Sfruttamento, donne-oggetto, bambini come merci. Non c’è scelta, non c’è la consapevolezza di una donna che decide in tutta coscienza: solo costrizione e corpi femminili trasformati in mezzi per soddisfare i capricci di individui egoisti. Individui che l’appello identifica principalmente – forse inconsapevolmente? – con gli omosessuali («siamo favorevoli al pieno riconoscimento dei diritti civili per lesbiche e gay, ma diciamo a tutti, anche agli eterosessuali: il desiderio di figli non può diventare un diritto da affermare a ogni costo»), dimenticando che l’80% delle coppie che ricorrono alla gestazione per altri sono eterosessuali.
Oggi, prosegue l’appello di Snoq Libere, «per la prima volta nella storia, la maternità incontra la libertà. Si può scegliere di essere o non essere madri». Invece, scegliere di mettere al mondo il figlio di qualcun altro non si può. La buona vecchia regola “l’utero è mio e lo gestisco io”, evidentemente non vale più. L’utero è delle donne, ma non possono decidere in piena libertà cosa farne. Che ci sia anche un mercato che approfitta di donne che in Paesi come l’India non hanno mezzi, né quelli economici né quelli che permettono di decidere consapevolmente, non significa che la maternità surrogata sia da bandire. E lo dimostrano, più di tanti teoremi o proclami, le parole che Tara Bartholomew, l’”utero in affitto” che ha fatto nascere i figli del giornalista Carlo Rossi Marcelli, ha rilasciato al Corriere della Sera. Le parole di una donna, moglie e madre, che ha deciso, liberamente e senza costrizioni, di mettere il proprio corpo al servizio dell’amore di qualcun altro. «Non diventerò mai presidente, non troverò la cura del cancro, ma questo era qualcosa che potevo fare per cambiare la vita di qualcuno. Non avevo idea di quanto avrebbe significato anche per me».

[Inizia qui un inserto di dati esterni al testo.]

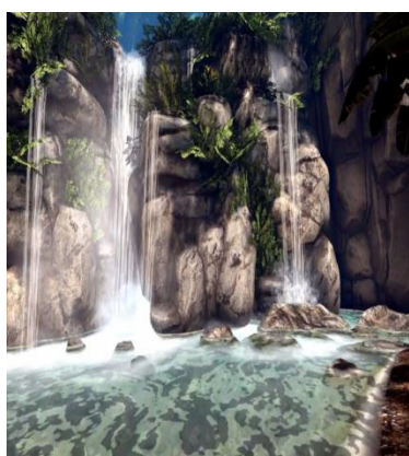
شکل ۲: تماشای آبشار در جنگل

جلسه اول: در این مرحله شرکت‌کنندگان با محتوای بسته آموزش واقعیت مجازی آشنا شدند و نحوه انجام جلسات برای افراد تشریح گردید. جلسه دوم: در این جلسه محیط آرامش‌بخش قرار گرفتند و کاربر توسط عینک واقعیت مجازی در یک محیط مانند تماشای آبشار در جنگل قرار گرفت. جلسه سوم: در این مرحله، فرد ادامه حضور در تماشای آبشار در جنگل را تجربه کرد و به تمرین حضور در یک محیط آرامش‌بخش پرداخت. جلسه چهارم: در جلسه چهارم کاربر در یک جو دوستانه و پرنشاط در محیط شغلی به‌صورت مجازی قرار گرفت. جلسه پنجم: در این مرحله فرد، ادامه حضور در یک جو دوستانه و پرنشاط در محیط شغلی را تجربه کرد و به تمرین حضور در این محیط پرداخت. جلسه ششم: در مرحله ششم فرد در یک مجلس دورهمی و مهمانی شرکت کرد. جلسه هفتم: در مرحله هفتم، کاربر ادامه شرکت در یک مجلس دورهمی و مهمانی را تجربه کرد. جلسه هشتم: در جلسه دوازدهم، نتایج جلسات قبلی بررسی و راهکارها و پیشنهادات مبتنی بر بسته آموزشی واقعیت مجازی ارائه گردید.
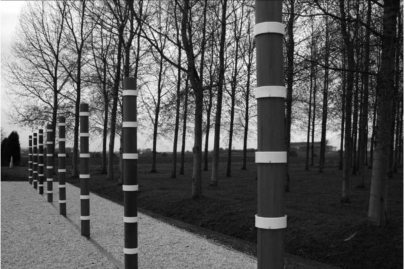
Boekhouten. De dodendraad.

Non si tratta semplicemente di “veterofemminismo”, come qualcuno ha cercato di liquidarlo. Si tratta dell’ennesima forma di un paternalismo che vuole spiegare alle donne come devono percepire e vivere il proprio corpo. Come devono percepire e vivere se stesse. Negando loro, di fatto, quella libertà per cui dicono di battersi. L’appello non arriva in un momento qualsiasi. Quando (se?) il Ddl Cirinnà sulle unioni civili arriverà finalmente in Parlamento, sul riconoscimento della stepchild adoption (l’adozione del figlio del partner) si giocherà la battaglia di chi di riconoscere i diritti ai gay non ne vuole sapere. Chi si oppone alle unioni omosessuali agita da mesi lo spauracchio della stepchild adoption, che aprirebbe la strada alla pratica dell’utero in affitto e alla “famiglia omosessuale”, e la possibilità che la norma venga stralciata per far passare una versione ancor più blanda del riconoscimento di quelle che qualcuno voleva definire “formazioni sociali specifiche” potrebbe diventare una drammatica realtà.
Ancora una volta, però, ad anticipare la politica è stata la magistratura: la Corte d’Appello di Milano ha definito legittima la trascrizione dell’adozione “piena e legittima” di una bambina di dodici anni da parte della compagna della madre perché la bambina «è stata adeguatamente amata, curata, mantenuta, educata ed istruita da entrambe le donne che hanno realizzato l’originario progetto di genitorialità condivisa, nell’ambito di una famiglia fondata sulla comunione materiale e spirituale di due persone di sesso femminile» e che la «adozione piena» corrisponde al suo interesse.